Take the entries below and reproduce exactly the portion that begins at the line containing "Antalya’da Belek-Boğazkent mevkiinde" and ends at the line containing "(только Windows 10)", keeping both ends, dropping pictures, and adding nothing else.

======== RECORD SET ========

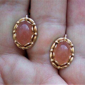 Vintage Russian Soviet USSR 14K 583 Rose Pink Gold Rose Pink Chalcedony Earrings
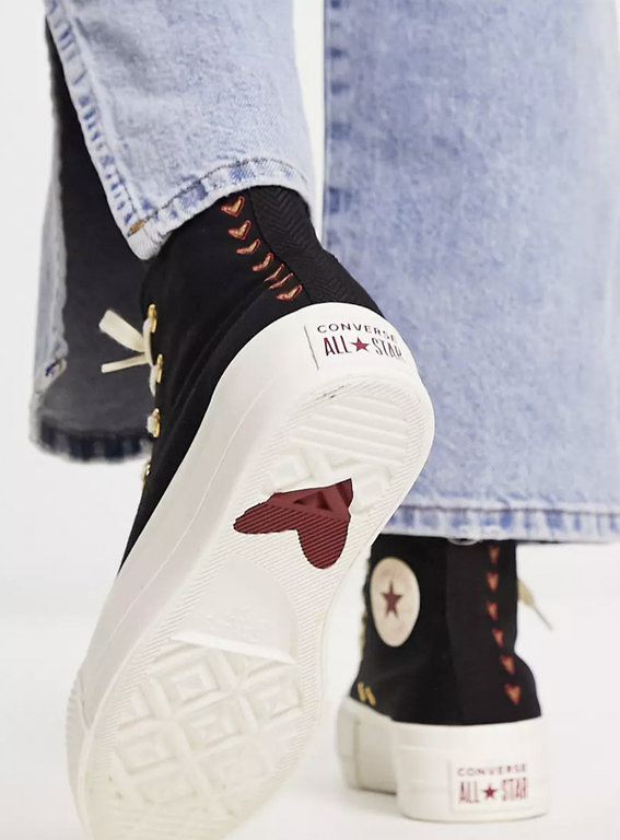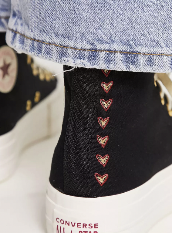 Converse All Star Lift Hearts Valentines Day черные высокие на платформе с сердечками
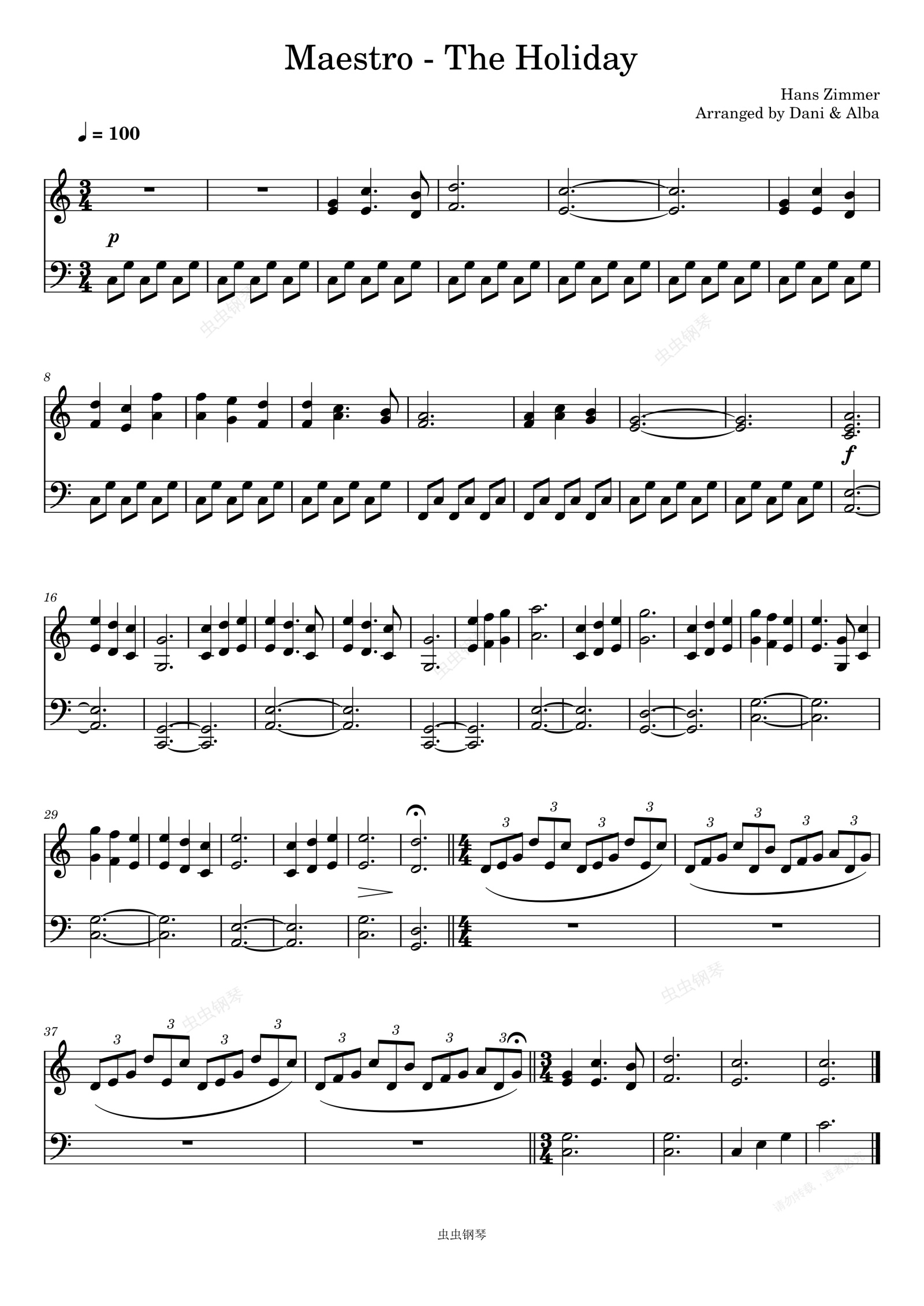 钢琴谱:恋爱假期 电影-Maestro - The Holiday-Hans Zimmer
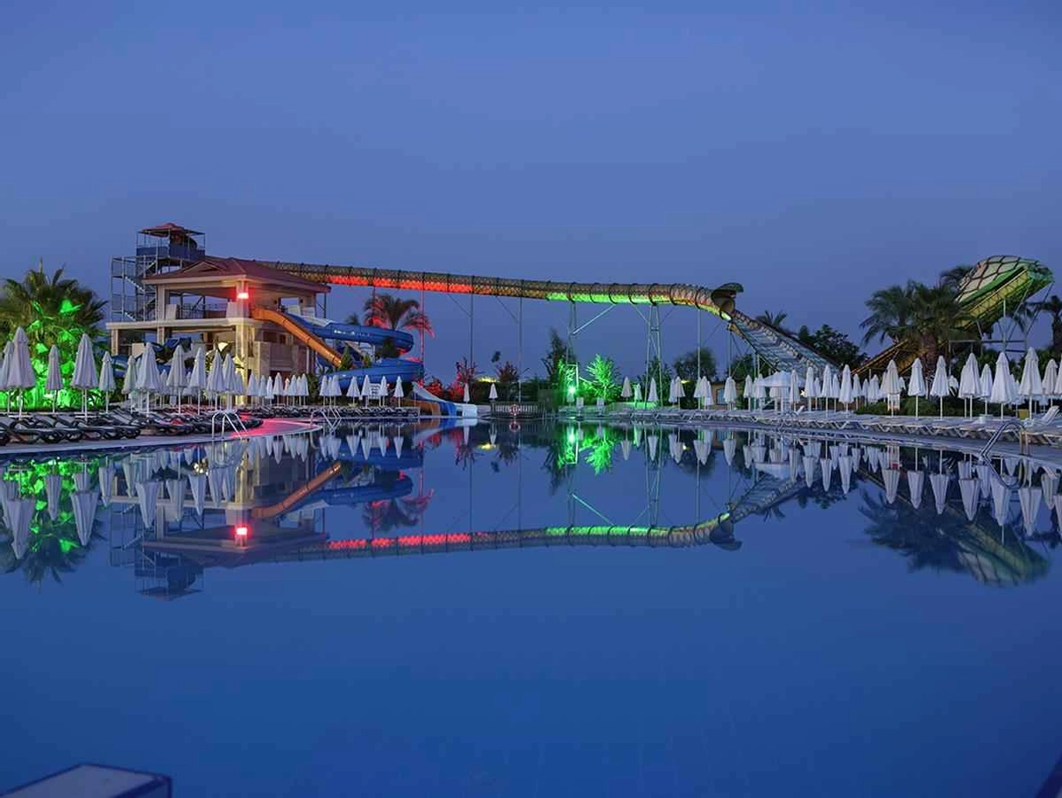 Antalya’da Belek-Boğazkent mevkiinde bulunan tesis ince çakıllı ve kumlu sahili, çeşitli büyüklükte havuzları ve Aquapark’ı ile özellikle çocuklu aileler için idealdir. Tesisin Kendisine Ait 500m Özel Plajı Bulunmaktadır.
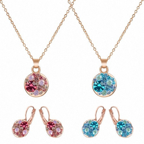 Schmuckset Halskette Ohrringe Rosegold vergoldet bunte Zirkonia Kristalle
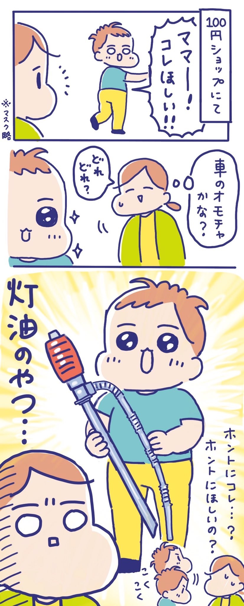 はみだしみゆきさんがちょっとした文具や裁縫道具を買いに100円ショップに立ち寄った時、息子さんが「ママ―!コレほしい!」と持ってきたものが、灯油ポンプでした。
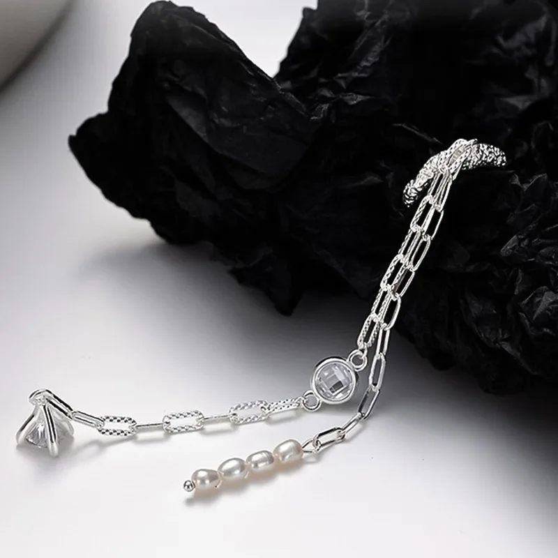 MLKENLY S925 sterling silver Diamond studded chain tassel pearl ear clip, female irregular texture long ear cuff
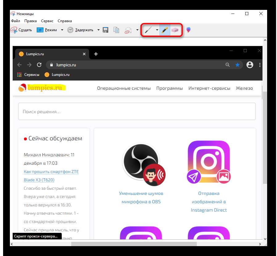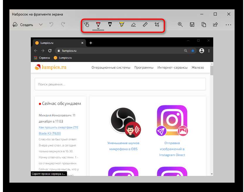 Инструмент «Набросок на куске экрана» (только Windows 10)
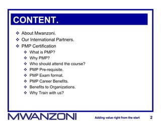 Mwanzoni Limited specializes in project management training, offering PMP® certification that enhances individual and organizational project delivery capabilities. The document outlines the benefits of PMP® certification for career advancement and organizational expertise, along with prerequisites and exam details. Additionally, it highlights international partnerships and training quality, positioning Mwanzoni as a trusted provider in project management education.
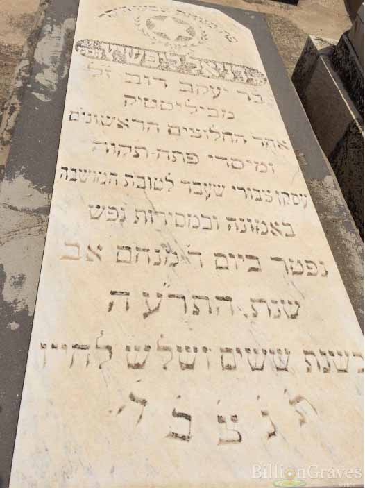 נפטר בפתח תקוה, ד' אב תרע"ה, 1915.
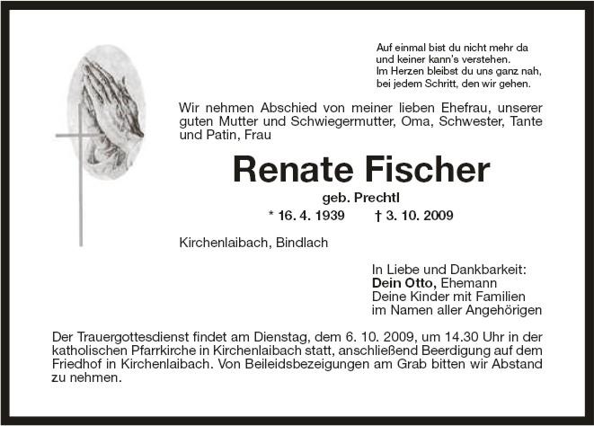 Der Trauergottesdienst findet am Dienstag, dem 6.10.2009 um 14.30 Uhr in der katholischen Pfarrkirche in Kirchenlaibach statt, anschließend Beerdigung auf dem Friedhof in Kirchenlaibach.
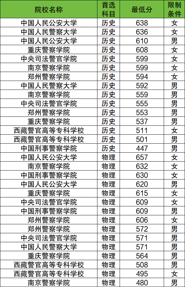 历史类最低分:447分(中国刑事警察学院)。
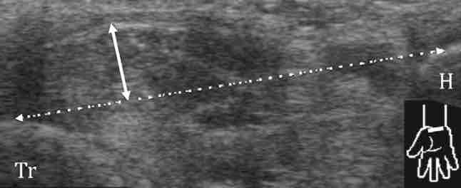 Subluxation ulnaire du tendon extenseur. Pas d'anomalie de son échostructure.
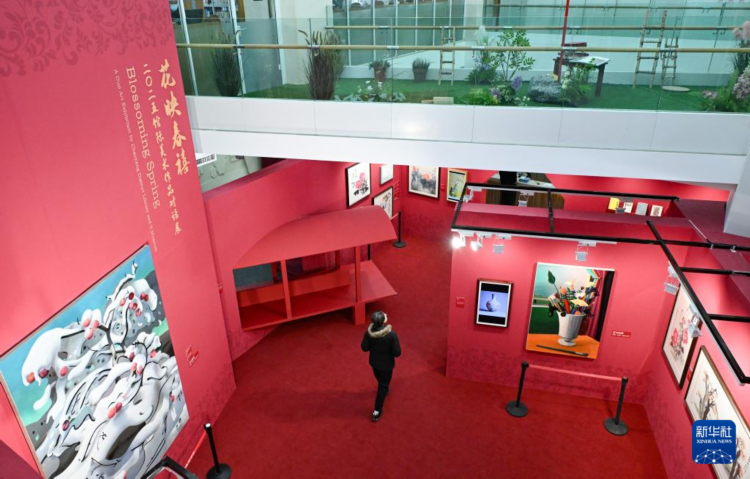 2月9日拍摄的在朝阳区图书馆劲松馆举办的“花映春禧”二〇二五馆际美术作品对话展。

========

(ANSWER TO THIS TASK):
 Antalya’da Belek-Boğazkent mevkiinde bulunan tesis ince çakıllı ve kumlu sahili, çeşitli büyüklükte havuzları ve Aquapark’ı ile özellikle çocuklu aileler için idealdir. Tesisin Kendisine Ait 500m Özel Plajı Bulunmaktadır.
 Schmuckset Halskette Ohrringe Rosegold vergoldet bunte Zirkonia Kristalle
 はみだしみゆきさんがちょっとした文具や裁縫道具を買いに100円ショップに立ち寄った時、息子さんが「ママ―!コレほしい!」と持ってきたものが、灯油ポンプでした。
 MLKENLY S925 sterling silver Diamond studded chain tassel pearl ear clip, female irregular texture long ear cuff
 Инструмент «Набросок на куске экрана» (только Windows 10)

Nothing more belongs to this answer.